**INSTRUCTIONS FOR THE TASK**
Print nothing beyond the line with "Убитият воден бик": every line from the beginning of the data up to it, that line included, and no pictures.

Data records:
++++++++
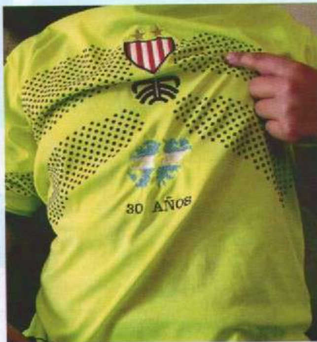
... SON NUESTRAS
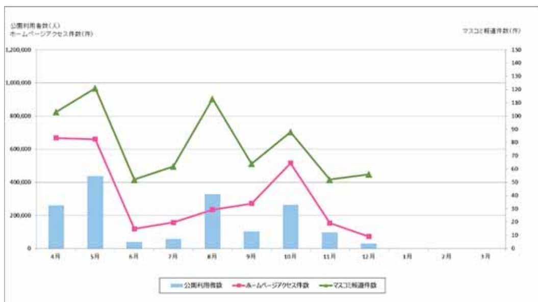
図 ホームページアクセス件数とマスコミによる報道件数、利用者数の推移
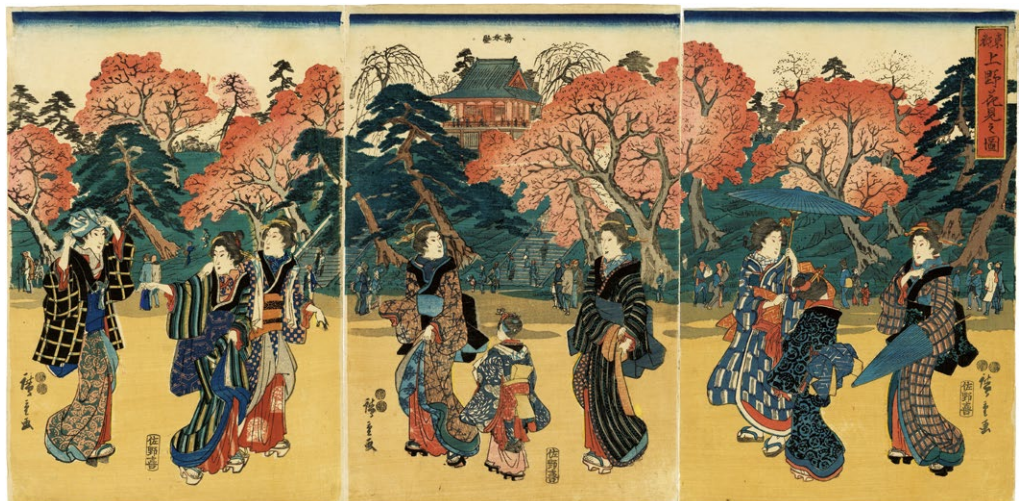
16. 東都上野花見之図 弘化4 - 嘉永5年 刷並 少汚れ 一部に薄み
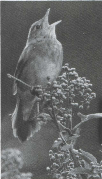
5 River Warbler Locustella fluviatilis , Midwolda, Groningen, June 1983 (Arnoud B van den Berg).
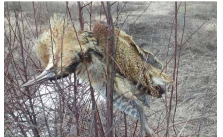
Убитият воден бик

Само за една седмица две червеногуши гъски и голям воден бик станаха жертви на незаконен лов в района на Ша- бленско езеро, алармират от Българското дружество за за- щита на птиците. Червеногуша- та гъска е световно застрашен вид. Днес в света са оцелели не повече от 50 000 червеногуши гъски. Езерата Шабла и Дуран- кулак са едни от най-предпо- читаните места за зимуване на този вид гъски. Големият воден бик е включен в Червената кни- га на България. Числеността му през размножителния период е не повече от 100 до 150 птици.
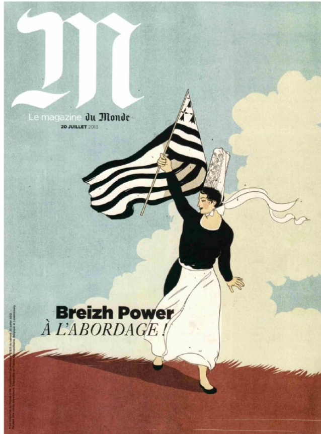
Image 5. Couverture du magazine du Monde . 20 juillet 2013.

De là, certains membres de l'équipe du LEMAR embarqués dans ApoliMer, ont réalisé des missions exploratoires en Amérique du Nord (Californie, baie de San Francisco) et en Chine (Qingdao, baie de Jiaozhou) avec un regard comparatif avec la situation en Union européenne (ZABrI) pour démêler les liens entre science et politique dans ces trois contextes. Des extraits de carnets de terrain de ces missions sont ici présentés. Au fil des ans, les chercheurs d'ApoliMer ont mené, mènent, et envisagent d'autres projets de recherche sur les mers du globe, guidés par les anciennes grandes expéditions de l'Académie de Marine[5] qui quittèrent Brest les siècles passés à destination de contrées lointaines (voir images 10 et 11).
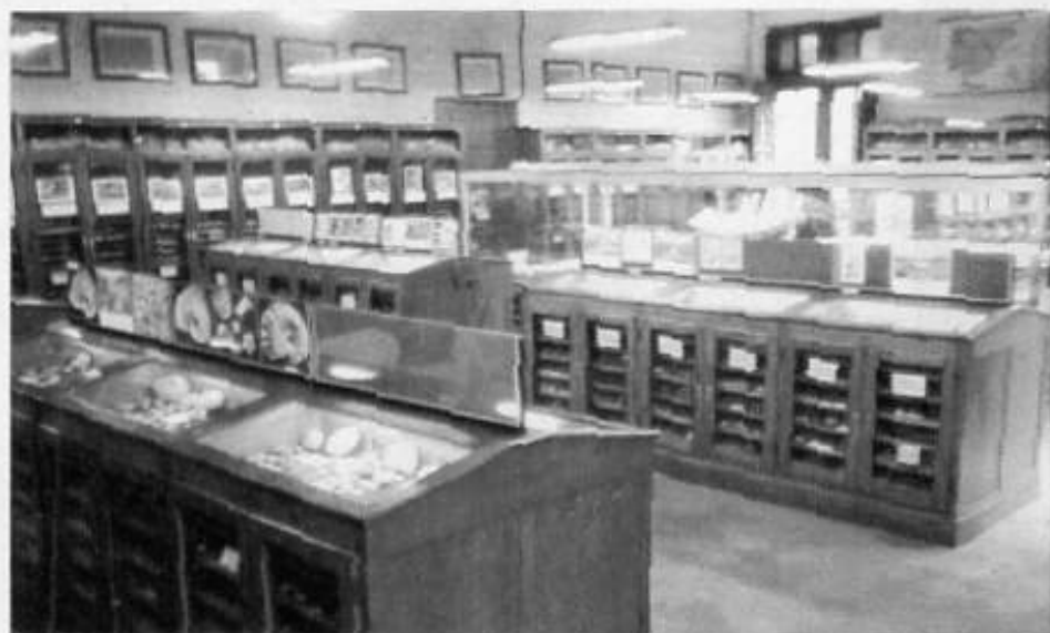
Sala principal del Museu. Any 1977
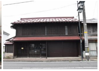
30.大崎家住宅建造物 (年貢町)
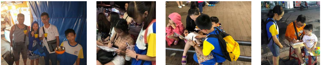
圖 2-2 至 2-5 學生至東大門夜市進行問卷調查

本研究為了瞭解民眾對於塑膠製品使用現況、看法與無塑夜市施行的想法，以自編問卷「民眾對於東大門夜市一次性塑膠餐具及包裝與無塑夜市之看法問卷調查表」，問卷編製初期是依據三大研究目標每人發想各 5 個題目並參考相關減塑議題問卷後，發想總計 60 題問題，經過小組初步將題意重覆、偏離主題的問題刪去後，將最初版問卷請家長試填，並把家長的意見加入調整題意與選項，最後再以心智圖確認各個研究目的細部概念發展補充題目後，再次請家長與指導老師共同檢視問題適切性後，成為正式版問卷(如附件二)，最後特別挑選中秋連假東大門夜市來客數可能最多的時間，以隨機抽樣方式發放問卷 115 份，回收有效問卷 100 份。
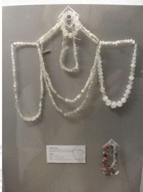
ภาพที่ 2.3 ลูกปัดหินควอทซ์ พบที่แหล่งโบราณคดีสมัยทวารวดี
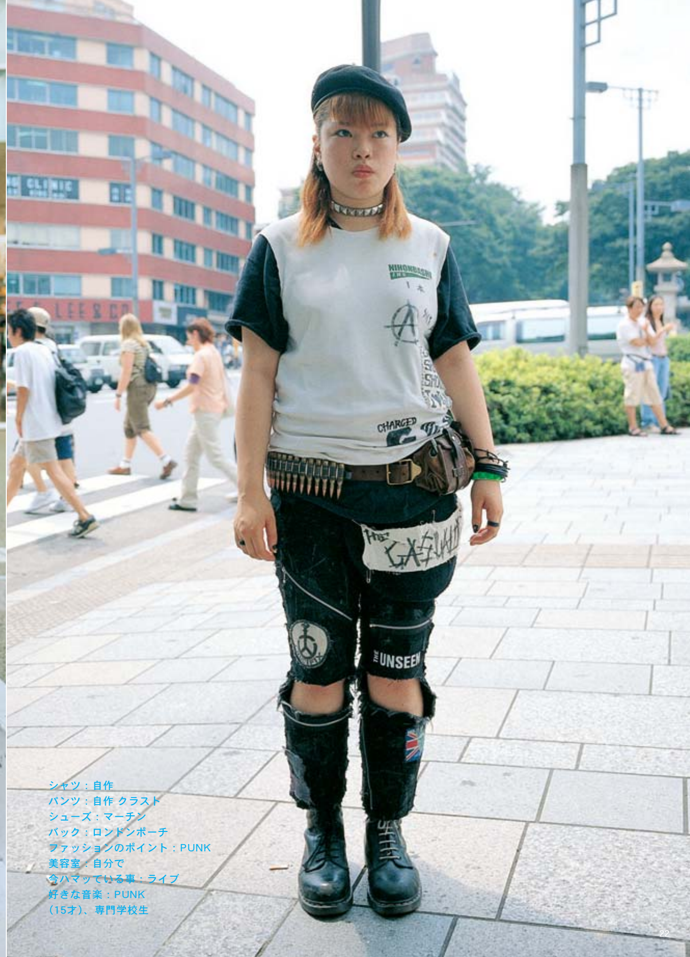
シャツ：自作 パンツ：自作 クラスト シューズ：マーチン バック：ロンドンポーチ ファッションのポイント：PUNK 美容室：自分で 今ハマっている事：ライブ 好きな音楽：PUNK （15才）、専門学校生
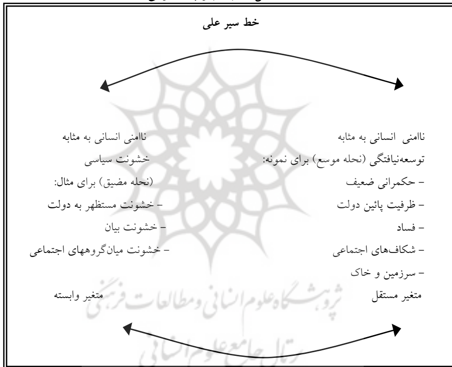
شکل ۱: چارچوب مفهومی

نقطه تأکید و تمرکز این چارچوب عبارت است از: ۱) ناامنی انسانی به مثابه خشونت سیاسی، ۲) علل و عوامل ناامنی انسانی به مثابه خشونت سیاسی. بر اساس زبان و ادبیات علوم انسانی، ناامنی انسانی به مثابه خشونت سیاسی (دیدگاه مضیق) متغیر وابسته است. بسیاری از علل و عوامل ناامنی انسانی به مثابه خشونت سیاسی، دربرگیرنده مسائل و مشکلات توسعه است که به عنوان متغیرهای مستقل هستند (بنگرید به شکل ۱).
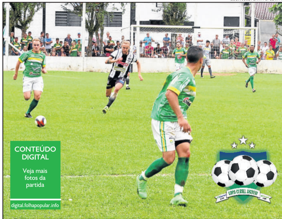
Palanque e ECAS fizeram bom jogo, que terminou empatado em 1 a 1

Após o meio-campo Fininho ser expulso, o Ecas tratou de se defender e o Palanque aumentou seu ímpeto ofensivo, criando chances para avançar no placar. Contudo, o escore não foi alterado. Final: Ecas 1x1 Palanque.
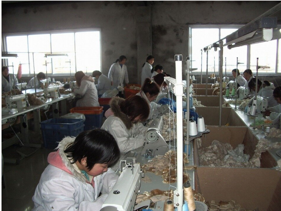
Szwaczki w chińskiej fabryce

i korporacjom transnarodowym ani jednostkowym konsumentom w prowadzeniu wymiany handlowej z Chinami. Potępiamy ten rząd za naruszenia praw człowieka, a zarazem korzystamy z tanich, chińskich produktów. Podobna sytuacja i przyczyny naruszeń praw człowieka występują w innych państwach Dalekiego Wschodu.
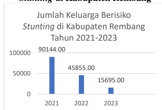
Gambar 1.3 Jumlah Keluarga Berisiko Stunting di Kabupaten Rembang
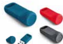
CLÉ USB MINI
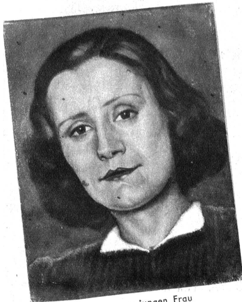
Portrait einer jungen Frau

Künstler sind eigene Naturen, die abtastend und unsicher oft erst nach langen Umwegen ihre eigentliche Bestimmung erkennen und die ihr Ziel meistens erst nach vielem Suchen und mühsamem Arbeiten erreichen können. So ist es dem noch ziemlich unbekann-
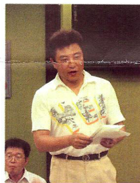
▲유머있는 사찰활동 해주신 벽산사찰위원장님~
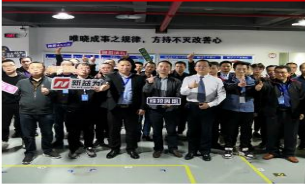
精益质量管理实训营（第一期）
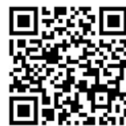
報名網站 QR CODE
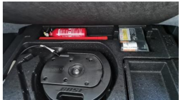
Fot. 18 Koło zapasowe/trójkąt/gaśnica
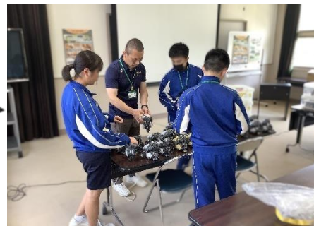
本年度の職場体験の様子
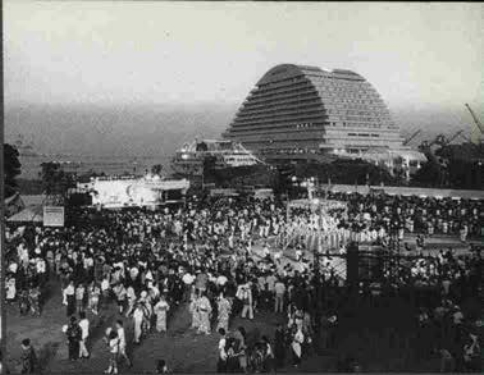
▲会場となったメリケンパークには人の波
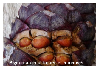
Pignon à décortiquer et à manger

Choisissez un parcours adapté à vos capacités physiques et techniques. Choisissez un équipement adapté aux difficultés, à la durée, et aux conditions climatiques. Munissez-vous de bonnes chaussures. Emportez un vêtement chaud en toute saison. En été : lunettes de soleil, crème solaire, chapeau. Emportez une trousse de premiers secours. Prévoyez votre pique-nique, et une quantité d'eau suffisante. Il au moins par personne, voire 2 en été. Informez votre entourage de votre itinéraire et de l'heure approximative de retour. Ne partez jamais seul. Consultez la météo. Évitez de partir par mauvais temps. Sachez faire demi-tour en cas de changement de conditions climatiques. La carte de ce document est donnée à titre indicatif et ne remplace pas une carte IGN. Vous randonnez sous votre responsabilité et la responsabilité du refuge ne pourrait être engagée.
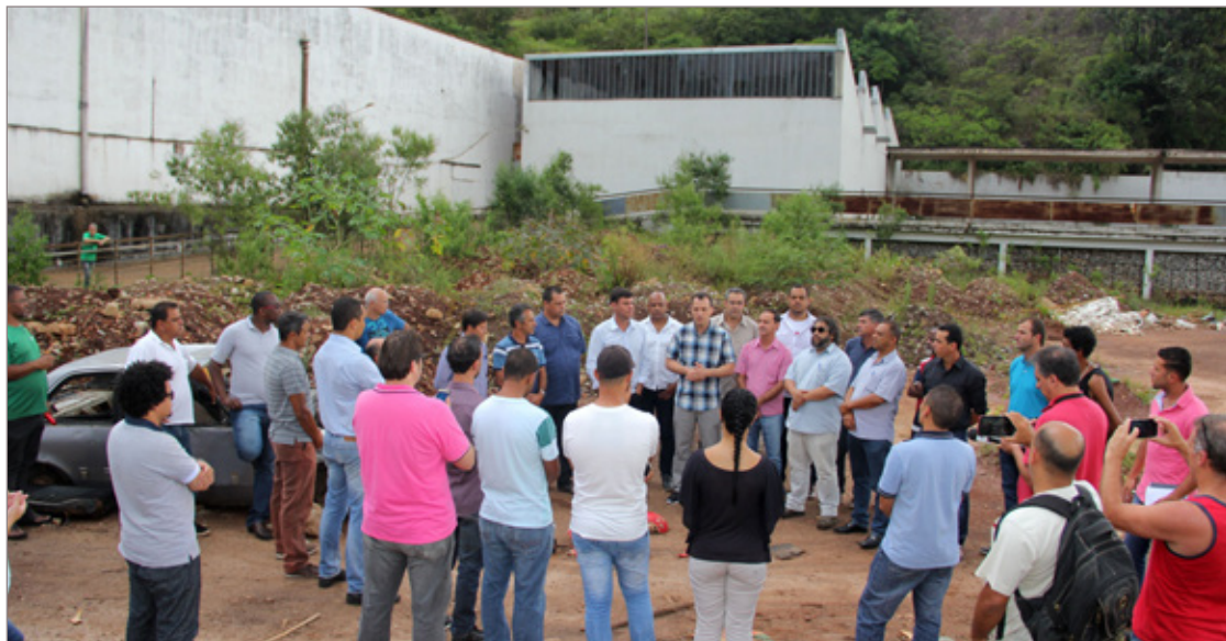
Prefeito anunciou o pagamento durante visita à antiga Fábrica de Tecidos
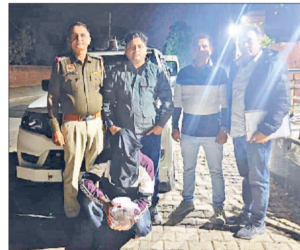
फतेहाबाद। पुलिस गिरफ्त में पिस्टल सहित गिरफ्तार युवक।
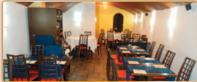
• Interior del restaurant El Caliu.
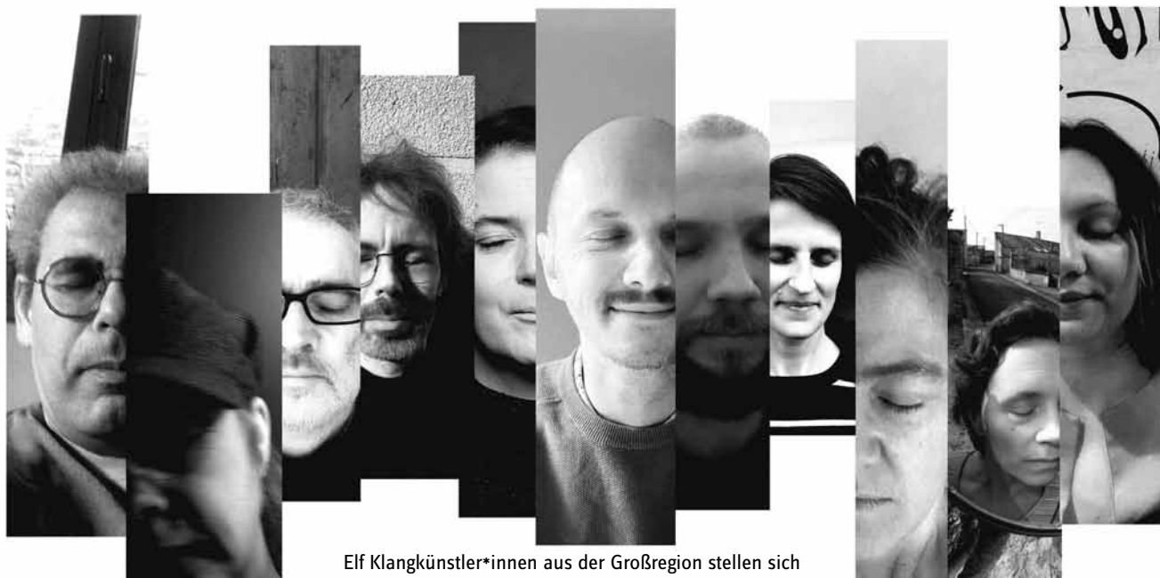
Elf Klangkünstler*innen aus der Großregion stellen sich an zwei Abenden in Luxemburg und Saarbrücken vor.

An beiden Abenden werden im Anschluss an die Performances die elf Radiokünstler*innen sich und ihre Arbeiten dem Publikum vorstellen. Dabei gibt es nochmal was auf die Ohren: Mit kurzen Hörstücken wird das Repertoire der Radiom-Mitglieder präsentiert. Auch hier werden Dolmetscher*innen dafür sorgen, dass
++++++++
**SOLUTION TO THE EXERCISE**
... SON NUESTRAS
図 ホームページアクセス件数とマスコミによる報道件数、利用者数の推移
16. 東都上野花見之図 弘化4 - 嘉永5年 刷並 少汚れ 一部に薄み
5 River Warbler Locustella fluviatilis , Midwolda, Groningen, June 1983 (Arnoud B van den Berg).
Убитият воден бик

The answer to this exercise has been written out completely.